THE PROBLEM: Print out the full material below, exact in every line, with no images included.

### DATA EXCERPT

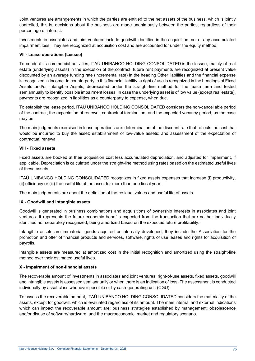 Itaú Unibanco Holding S.A. – Complete Financial Statements – December 31, 2025 Joint ventures are arrangements in which the parties are entitled to the net assets of the business, which is jointly controlled, this is, decisions about the business are made unanimously between the parties, regardless of their percentage of interest. Investments in associates and joint ventures include goodwill identified in the acquisition, net of any accumulated impairment loss. They are recognized at acquisition cost and are accounted for under the equity method. VII - Lease operations (Lessee) To conduct its commercial activities, ITAÚ UNIBANCO HOLDING CONSOLIDATED is the lessee, mainly of real estate (underlying assets) in the execution of the contract; future rent payments are recognized at present value discounted by an average funding rate (incremental rate) in the heading Other liabilities and the financial expense is recognized in income. In counterparty to this financial liability, a right of use is recognized in the headings of Fixed Assets and/or Intangible Assets, depreciated under the straight-line method for the lease term and tested semiannually to identify possible impairment losses. In case the underlying asset is of low value (except real estate), payments are recognized in liabilities as a counterparty to expense, when due. To establish the lease period, ITAÚ UNIBANCO HOLDING CONSOLIDATED considers the non-cancellable period of the contract, the expectation of renewal, contractual termination, and the expected vacancy period, as the case may be. The main judgments exercised in lease operations are: determination of the discount rate that reflects the cost that would be incurred to buy the asset; establishment of low-value assets; and assessment of the expectation of contractual renewal. VIII - Fixed assets Fixed assets are booked at their acquisition cost less accumulated depreciation, and adjusted for impairment, if applicable. Depreciation is calculated under the straight-line method using rates based on the estimated useful lives of these assets. ITAÚ UNIBANCO HOLDING CONSOLIDATED recognizes in fixed assets expenses that increase (i) productivity, (ii) efficiency or (iii) the useful life of the asset for more than one fiscal year. The main judgements are about the definition of the residual values and useful life of assets. IX - Goodwill and intangible assets Goodwill is generated in business combinations and acquisitions of ownership interests in associates and joint ventures. It represents the future economic benefits expected from the transaction that are neither individually identified nor separately recognized, being amortized based on the expected future profitability. Intangible assets are immaterial goods acquired or internally developed, they include the Association for the promotion and offer of financial products and services, software, rights of use leases and rights for acquisition of payrolls. Intangible assets are measured at amortized cost in the initial recognition and amortized using the straight-line method over their estimated useful lives. X - Impairment of non-financial assets The recoverable amount of investments in associates and joint ventures, right-of-use assets, fixed assets, goodwill and intangible assets is assessed semiannually or when there is an indication of loss. The assessment is conducted individually by asset class whenever possible or by cash-generating unit (CGU). To assess the recoverable amount, ITAÚ UNIBANCO HOLDING CONSOLIDATED considers the materiality of the assets, except for goodwill, which is evaluated regardless of its amount. The main internal and external indications which can impact the recoverable amount are: business strategies established by management; obsolescence and/or disuse of software/hardware; and the macroeconomic, market and regulatory scenario. 75
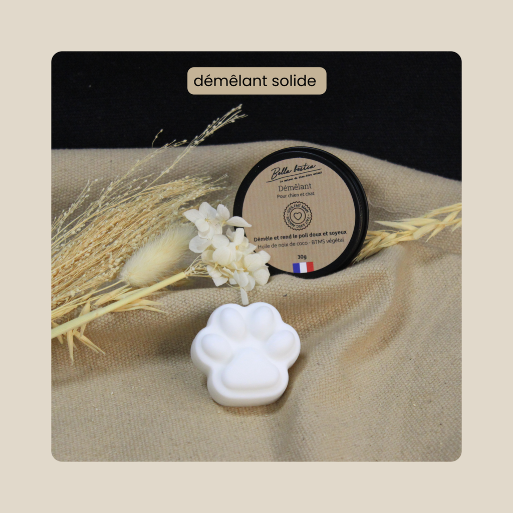 démêler les poils de chat et de chien facilement, tout en respectant votre animal et la planète. Vous n'avez plus à choisir entre efficacité et respect de l'environnement, notre démêlant solide naturel vous offre les deux !
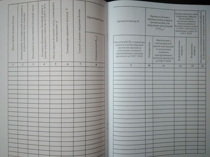 Журнал бетонных работ. Приложение Ф, СП 70.13330-2012
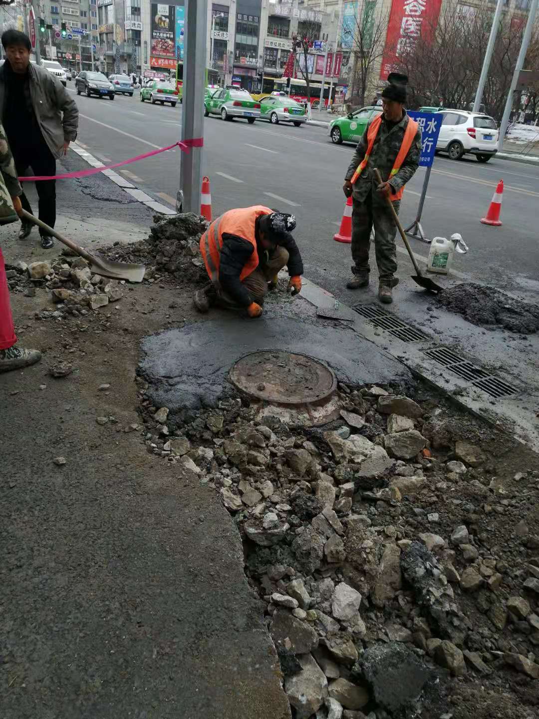 1月5日,排水鐵西管修分公司得知此情況后,立即組織搶修人員趕赴現(xiàn)場。經(jīng)過實地勘察,系污水管線坍塌堵塞,導致的路面結(jié)冰,影響居民生活。不僅如此,周邊商戶擔心管線挖開后如不能及時恢復會影響做生意。雖然不是排水設(shè)施,但是為解決居民生活污水排放問題,1月6日在城市發(fā)展管理中心、郭明義學雷鋒團隊以及鐵西區(qū)綜合執(zhí)法局等單位的共同努力下,水務(wù)集團排水鐵西管修分公司承擔了這次幫助老百姓排憂解難的搶險任務(wù)。僅用半天時間,新建D300管線16米、新設(shè)檢查井一座,同時為了促進營商環(huán)境,搶修隊員拿出了本領(lǐng),對刨開的路面進行了抹泥恢復,得到周圍百姓和商戶高度認可。管線暢通了,百姓的心也亮堂了!

######

TASK ANSWER:
 Itaú Unibanco Holding S.A. – Complete Financial Statements – December 31, 2025 Joint ventures are arrangements in which the parties are entitled to the net assets of the business, which is jointly controlled, this is, decisions about the business are made unanimously between the parties, regardless of their percentage of interest. Investments in associates and joint ventures include goodwill identified in the acquisition, net of any accumulated impairment loss. They are recognized at acquisition cost and are accounted for under the equity method. VII - Lease operations (Lessee) To conduct its commercial activities, ITAÚ UNIBANCO HOLDING CONSOLIDATED is the lessee, mainly of real estate (underlying assets) in the execution of the contract; future rent payments are recognized at present value discounted by an average funding rate (incremental rate) in the heading Other liabilities and the financial expense is recognized in income. In counterparty to this financial liability, a right of use is recognized in the headings of Fixed Assets and/or Intangible Assets, depreciated under the straight-line method for the lease term and tested semiannually to identify possible impairment losses. In case the underlying asset is of low value (except real estate), payments are recognized in liabilities as a counterparty to expense, when due. To establish the lease period, ITAÚ UNIBANCO HOLDING CONSOLIDATED considers the non-cancellable period of the contract, the expectation of renewal, contractual termination, and the expected vacancy period, as the case may be. The main judgments exercised in lease operations are: determination of the discount rate that reflects the cost that would be incurred to buy the asset; establishment of low-value assets; and assessment of the expectation of contractual renewal. VIII - Fixed assets Fixed assets are booked at their acquisition cost less accumulated depreciation, and adjusted for impairment, if applicable. Depreciation is calculated under the straight-line method using rates based on the estimated useful lives of these assets. ITAÚ UNIBANCO HOLDING CONSOLIDATED recognizes in fixed assets expenses that increase (i) productivity, (ii) efficiency or (iii) the useful life of the asset for more than one fiscal year. The main judgements are about the definition of the residual values and useful life of assets. IX - Goodwill and intangible assets Goodwill is generated in business combinations and acquisitions of ownership interests in associates and joint ventures. It represents the future economic benefits expected from the transaction that are neither individually identified nor separately recognized, being amortized based on the expected future profitability. Intangible assets are immaterial goods acquired or internally developed, they include the Association for the promotion and offer of financial products and services, software, rights of use leases and rights for acquisition of payrolls. Intangible assets are measured at amortized cost in the initial recognition and amortized using the straight-line method over their estimated useful lives. X - Impairment of non-financial assets The recoverable amount of investments in associates and joint ventures, right-of-use assets, fixed assets, goodwill and intangible assets is assessed semiannually or when there is an indication of loss. The assessment is conducted individually by asset class whenever possible or by cash-generating unit (CGU). To assess the recoverable amount, ITAÚ UNIBANCO HOLDING CONSOLIDATED considers the materiality of the assets, except for goodwill, which is evaluated regardless of its amount. The main internal and external indications which can impact the recoverable amount are: business strategies established by management; obsolescence and/or disuse of software/hardware; and the macroeconomic, market and regulatory scenario. 75
 démêler les poils de chat et de chien facilement, tout en respectant votre animal et la planète. Vous n'avez plus à choisir entre efficacité et respect de l'environnement, notre démêlant solide naturel vous offre les deux !
 Журнал бетонных работ. Приложение Ф, СП 70.13330-2012
 1月5日,排水鐵西管修分公司得知此情況后,立即組織搶修人員趕赴現(xiàn)場。經(jīng)過實地勘察,系污水管線坍塌堵塞,導致的路面結(jié)冰,影響居民生活。不僅如此,周邊商戶擔心管線挖開后如不能及時恢復會影響做生意。雖然不是排水設(shè)施,但是為解決居民生活污水排放問題,1月6日在城市發(fā)展管理中心、郭明義學雷鋒團隊以及鐵西區(qū)綜合執(zhí)法局等單位的共同努力下,水務(wù)集團排水鐵西管修分公司承擔了這次幫助老百姓排憂解難的搶險任務(wù)。僅用半天時間,新建D300管線16米、新設(shè)檢查井一座,同時為了促進營商環(huán)境,搶修隊員拿出了本領(lǐng),對刨開的路面進行了抹泥恢復,得到周圍百姓和商戶高度認可。管線暢通了,百姓的心也亮堂了!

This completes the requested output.